Playruo’s pitch is that it can be used by game publishers as part of a launch campaign to maximize their chances of success. For instance, at the end of a video trailer, a publisher could embed a thumbnail on YouTube with a link to the demo so you can try out the game easily.

Playruo links can also be integrated in game launchers. Imagine a popular Twitch streamer sharing a link to a multiplayer game demo so that viewers can team up with their favorite Twitch content creator.

Unlike traditional cloud gaming services, Playruo’s client here is the game’s publisher, and they pay the startup to offer a demo. Chances are that a demo that becomes viral will lead to increased game sales. Playruo is already working with Old Skull Games to promote Cryptical Path.

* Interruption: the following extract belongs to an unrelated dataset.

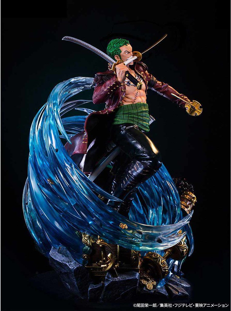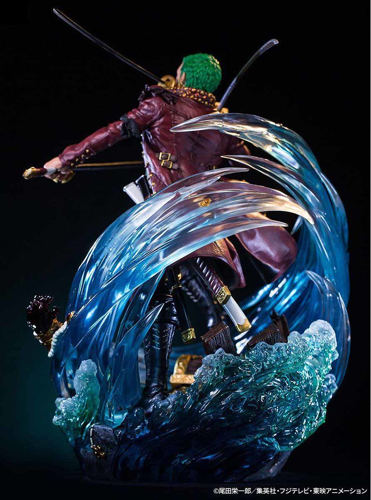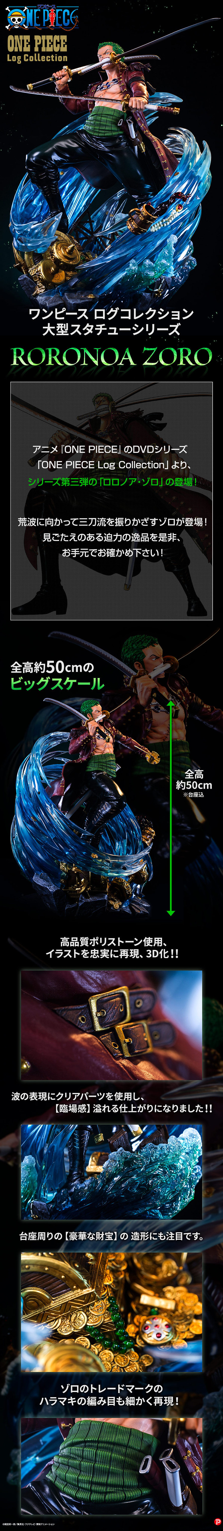 這款「羅羅亞.索隆」大型雕像系列以《航海王》動畫 DVD『ONE PIECE Log Collection“LOGUE TOWN” 』封面插畫為基礎製作,不僅擁有全高約 50cm 的魄力尺寸,更以 POLYSTONE、PVC、ABS、銅、電鍍零件等複合材質打造各部質感,雕塑出在狂瀾中施展三刀流、氣勢十足的索隆!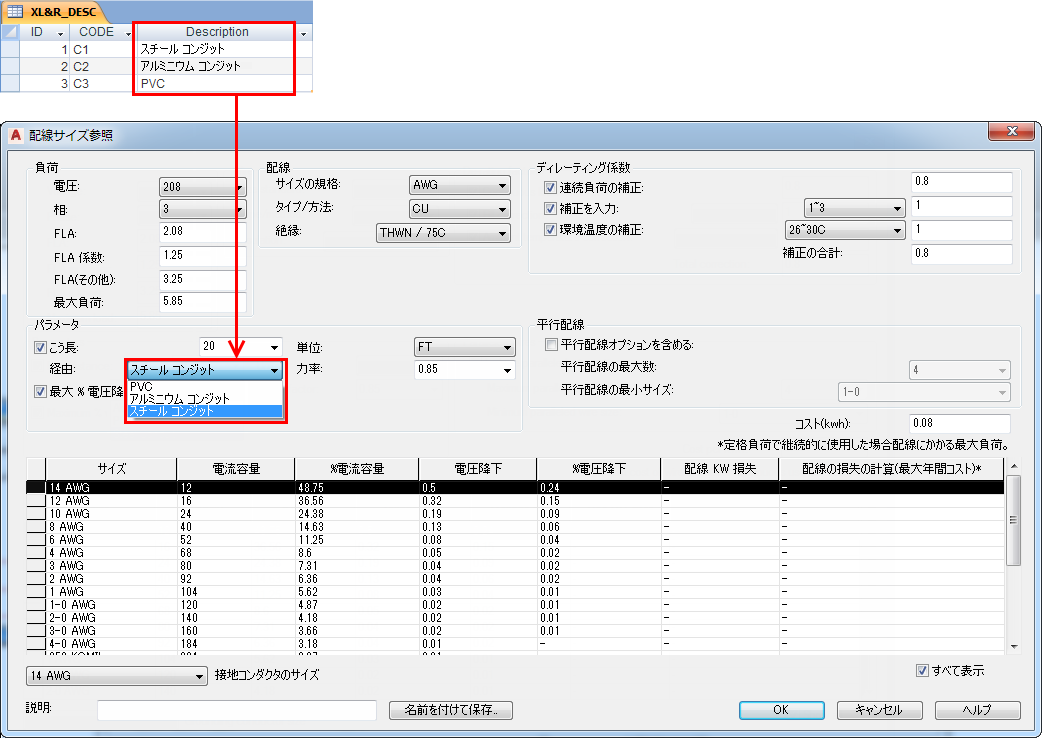 オプションのコンダクタのリアクタンス/AC 抵抗テーブルは、コンジット タイプに基づいて、配線サイズに対するリアクタンスと抵抗値を提供します。これらの値は、こう長を指定した場合に、給電配線における電圧降下の割合を計算するために使用されます。

“We know the cloud gaming business model pretty well from our past experience. The big pitfall is that the various platforms do everything they can to prevent you from using the service too much,” Playruo’s co-founder and head of product, Weinbach, told me.

“It’s a bit ridiculous and counterintuitive. So we thought about a business model where it’s interesting for us that people stay for a long time,” he said. In other words, a viral demo could be considered as a success for a game publisher.

Playruo will have to make sure that it can quickly scale its fleet of servers (up and down) based on demand. The company relies on public cloud companies that offer virtual machines with GPUs, such as Amazon Web Services, Google Cloud, Microsoft Azure and Scaleway.

This will be a critical part of Playruo’s model. If the startup has too many servers running without anyone launching demos, it’ll lead to an expensive hosting bill at the end of the month. If the startup doesn’t have enough servers, many gamers will receive an error when they try to launch a demo.

But if it works well, Playruo can act as the top of the funnel for game purchases. After a 15-minute demo, players can get a link to add a game to their Steam wishlist, join a Discord server, or enter their email address to get more information. And they may not even realize that they played a game that wasn’t installed on their system.